General characteristics
- Class & type: Diadem-class cruiser
- Displacement: 11,000 tons
- Length: 435 ft (133 m) (462 ft 6 in (140.97 m) o/a)
- Beam: 69 ft (21 m)
- Draught: 25 ft 6 in (7.77 m)
- Propulsion: 2 shaft triple expansion engines; 16.500 - 18,000 hp;
- Speed: 20–20.5 kn (37.0–38.0 km/h; 23.0–23.6 mph)
- Complement: 760
- Armament: 16 × single QF 6-inch (152 mm) guns; 14 × single QF 12-pounder (76 mm) guns; 3 × single QF 3-pounder (47 mm) guns; 2 × 18-inch (450 mm) torpedo tubes; as Minelayer:; 4 × 6-inch guns; 1 × 12-pounder gun; 354 mines;
- Armour: 6 inch casemates; 4.5-2 inch decks;

= HMS Argonaut (1898) =

Cruiser of the Royal Navy

HMS Argonaut was a ship of the of protected cruiser in the British Royal Navy. She was laid down in 1898, and commissioned for service on the China station in 1900. From 1906 she served in the Home Fleet, and during the First World War she served in the Atlantic. She was converted to hospital ship in 1915, and sold for breaking up in 1920.

==Construction==
Argonaut was built by Fairfield Shipbuilding and Engineering Company, Govan, where she was laid down on 23 November 1896. She was launched on 24 January 1898, when she was christened by the Countess of Hopetoun.
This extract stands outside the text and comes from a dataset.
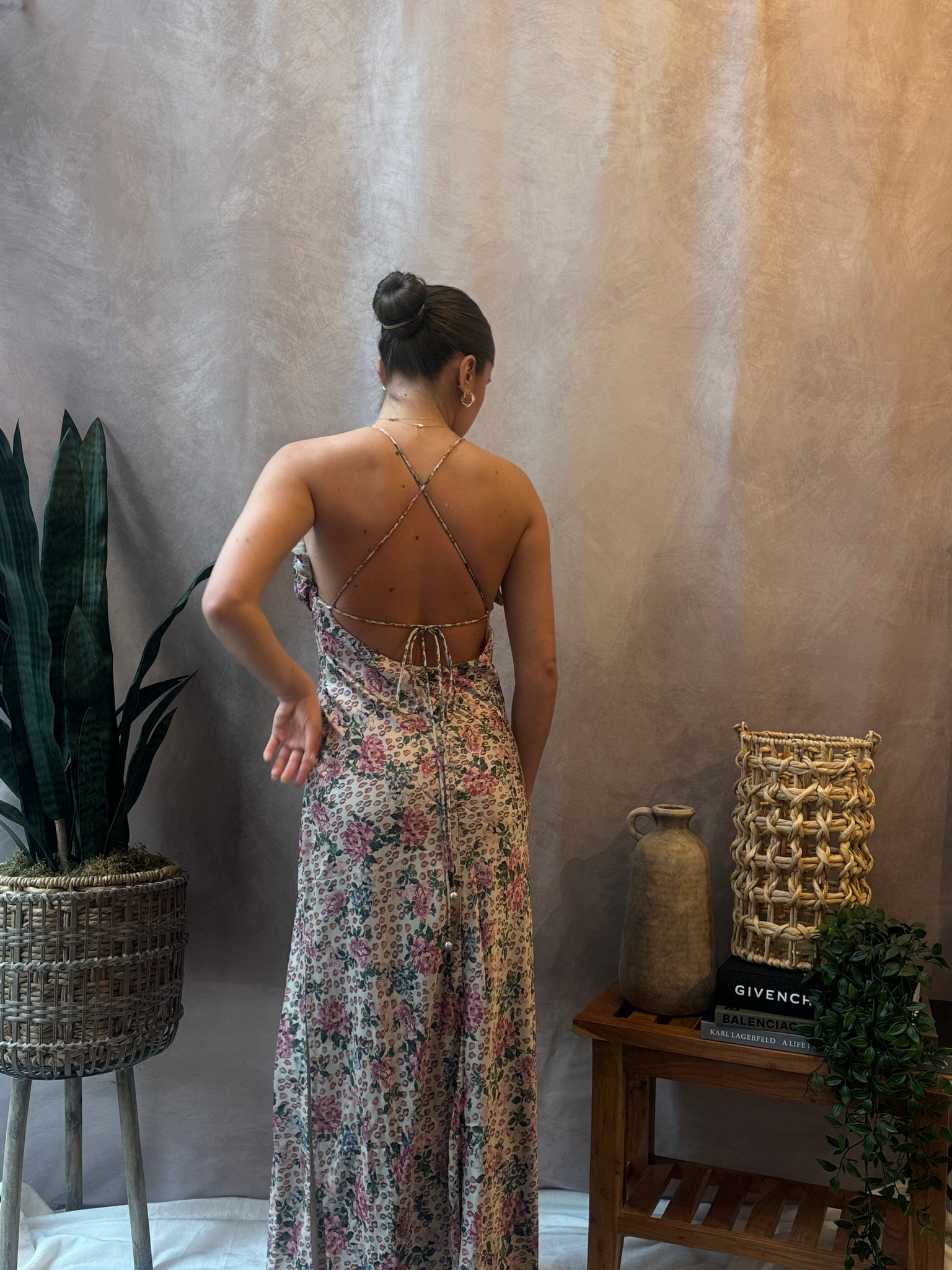 Floral and animal print satin maxi dress with a ruffled triangle bust

Whilst on the stocks under construction, fire broke out in the yard on February 8, 1897. The blaze spread quickly, engulfing the workshops and threatening not only the Argonaut but numerous vessels including the RMS Empress Queen. However due to the vessels being separated from the buildings no damage was sustained.

==Service history==
She was commissioned at Chatham in April 1900 for service on the China Station, where she was until 1904. During this time, the Commanding Officer, Captain George H Cherry RN, issued some 600 punishment warrants, gaining a reputation as a stern disciplinarian. As a consequence, the ship's officers ordered medals to be struck by Gamages of London as reward and mementos of their service under such a captain: on the obverse it read "Argonaut China 1900-1904" and showed a foul anchor (for the Royal Navy), a fleece (for Argonaut) and a dragon (for China); on the reverse are a cherry tree and a representation of the officers who survived the commission. An honorary "Cherry Medal" was presented to King George VI; many others were lost with ships sunk in the First World War.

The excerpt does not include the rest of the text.